Biomedical literature annotations

Biomedical literature annotations#

This repository stores manual annotations (a.k.a tagging, labelling) of biomedical scientific publications. Examples of information that has been annotated in some documents are the number of study participants, their mean age, or the imaging modality. Such annotations have diverse uses such as studying the evolution of a scientific field’s methods, evaluating automatic information extraction systems, or informing meta-analyses.

The documents found here are journal articles from PubMedCentral, collected using pubget. The annotations are made with labelbuddy, and data is stored in labelbuddy’s format (JSON).

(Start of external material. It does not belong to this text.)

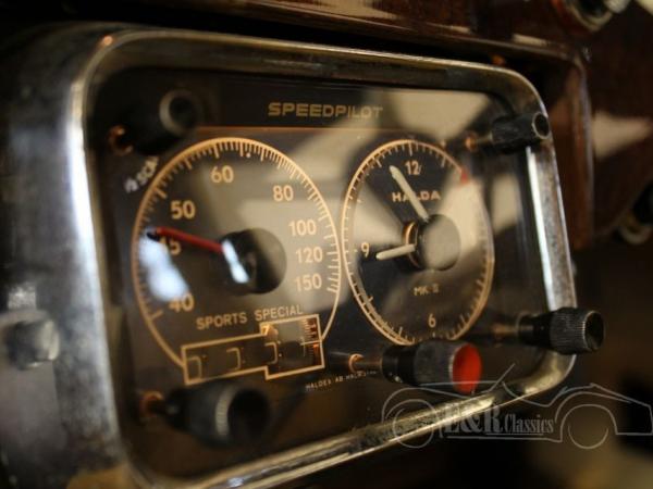 This elegant burgundy red Jaguar XK 140 Fixed Head Coupe was built in 1956 and in the mean time a little adjusted for historical rallies. This Jaguar has been provided with fortified wire wheels and a Roll Bar (easy to remove if you want). The wooden dashboard has two time-original Halda Tripmasters. The matching numbers 3442CC engine has bigger carburators and 5 speed gearbox. This sporty Jaguar has disc brakes also. This unique XK140 is ideal for fans of classic rally of een very beautiful basis for rebuilding to its original specifications.
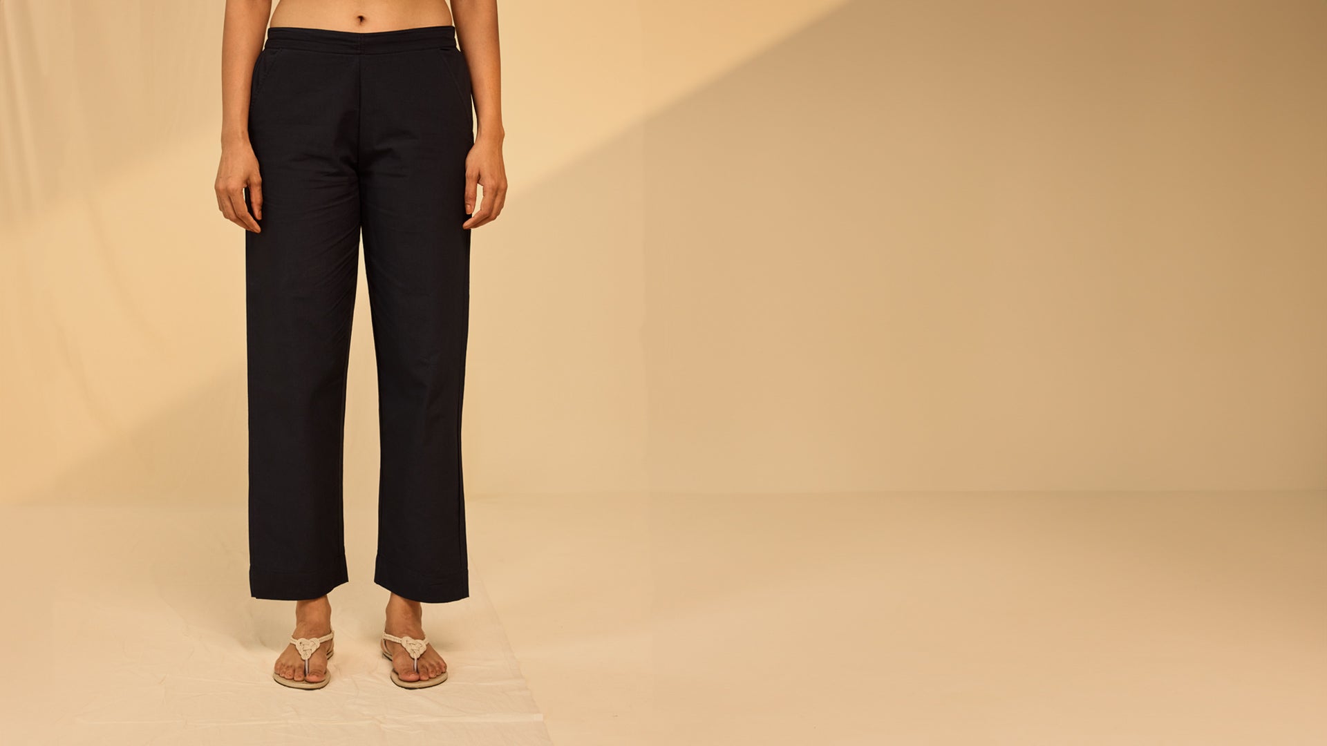 The Plain Black Cotton Straight Pant offers a sleek and timeless look. Made from soft cotton, these straight-cut pants include side pockets and a semi-elasticised waistband, providing comfort and style. A perfect staple for both casual and formal wear.

This page provides a brief overview of the repository’s content, and the rest of the documentation illustrates how to use and contribute to the repository:

Introduction

Analyses

Participant demographics

Projects

Projects#

The repository’s contents are organized into projects, found in the projects/ directory. More details about each project are provided at the end of this book. Here are the currently existing projects:

project_name	documents	labels	annotators	annotations
neuro-meta-analyses	899	102	1	5107
old_review-neuro-meta-analyses	849	68	5	8287
participant_demographics	334	21	13	4230
cluster_inference	193	20	2	1610
tracking_open_datasets	136	17	1	235
neuro-meta-analysis-tables	88	4	1	374
dynamic_functional_connectivity	70	9	1	94
parkinsons	60	6	1	411
neuro-meta-analysis_manually-inspected-topics	44	43	1	236
NER_biomedical	11	9	1	58
neurosynth_use	8	4	1	20
cobidas	7	2	1	23
autism_mri	5	21	1	69
semiauto_ma_features	2	4	1	5
fmri_datasets	0	0	0	0
neurobridge_fmri	0	0	0	0
Total	2478	265	23	20759

Each project contains 3 directories: labels/, documents/ and annotations/, corresponding to the 3 types of objects stored in this repository.

Documents#

Documents represent scientific journal articles; they contain the article’s text and some metadata. They are generated by invoking pubget with the --labelbuddy option. They are stored in labelbuddy’s JSONLines format.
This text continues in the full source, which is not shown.